The resulting joined data would contain the following samples, one in each row:

| ds1 | ds2 | ds3  |
| --- | --- | ---- |
| s1  | s1  | s1   |
| s3  | s3  | s3   |
| s6  | s6  | None |

Explanation:

* The sample key `s1` is available in all dataset.
* `s2` is missing from `ds2` and nonmatch is set to `skip`, so the sample will not appear in the result.
* `s3` is available in all datasets.
* `s4` is not in the primary dataset.
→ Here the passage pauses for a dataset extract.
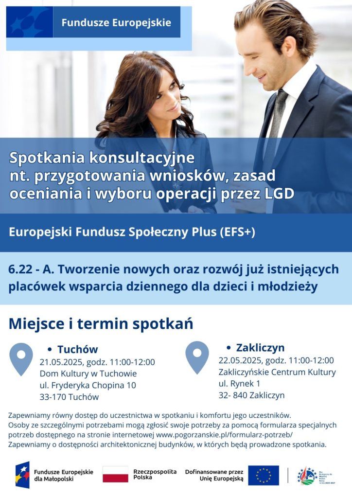 Podczas spotkań przedstawione zostaną m.in. zasady oceny i wyboru operacji oraz kryteria wyboru projektów, w ramach EFS+ (Europejski Funduszu Społeczny Plus).

Only samples from the primary dataset will be included.
* `s5` is missing from `ds2` again, and this time also from `ds3`
* `s6` is missing from `ds3` and `ds3` has `nonmatch` set to `none`, so the sample is not skipped, but the column for `ds3` is set to `None`


## Extensive Example

Here is a more extensive example that shows multiple things at once:

* Joining can be used inside blending
* The datasets to be joined can have custom subflavors or dataset yamls specified
* A custom "joiner" can be specified to define how samples are joined and what the resulting type is
* The `nonmatch` setting is not included here, but would work just like shown above

`metadataset_extended.yaml`:
```yaml
__module__: megatron.energon
__class__: MetadatasetV2
splits:
  train:
    blend:
      - weight: 1
        join:
          - path: ds1
            dataset_config: dataset.yaml  # If override is needed
          - path: ds2
            dataset_config: dataset.yaml
            subflavors: # If needed, will be merged(overriding) with parent subflavor
              ds2_extra: 2
            split_config: split.yaml
        joiner:
          __module__: my_module
          __class__: JoinedSample # Type should implement from_joined(ds1, ds2)
        split_config: split.yaml  # Sets this for all joined datasets
        split_part: train  # Sets this for all joined datasets
        subflavors:  # Sets this for all joined datasets (it will be merged with their individual subflavors)
          source: metadataset.yaml
          src: ds1
```

## Custom Join Type

To define a custom join type, you can create a Python class as shown below in `my_module.py`:

```python
from dataclasses import dataclass
import torch
from megatron.energon import Sample, TextSample

@dataclass
class JoinedSample(Sample):
    text1: torch.Tensor
    text2: torch.Tensor

    @staticmethod
    def from_joined(ds1: TextSample, ds2: TextSample) -> "JoinedSample":
        return JoinedSample.derive_from(
            ds1,
            text1=ds1.text,
            text2=ds2.text,
        )
```

This class should implement the `from_joined` method to combine samples from `ds1` and `ds2`.
Note: It is important to use `derive_from` with the first argument being the first sample, as this will guarantee that the state can be saved and restored. It ensures that all the internal keys of the sample are retained.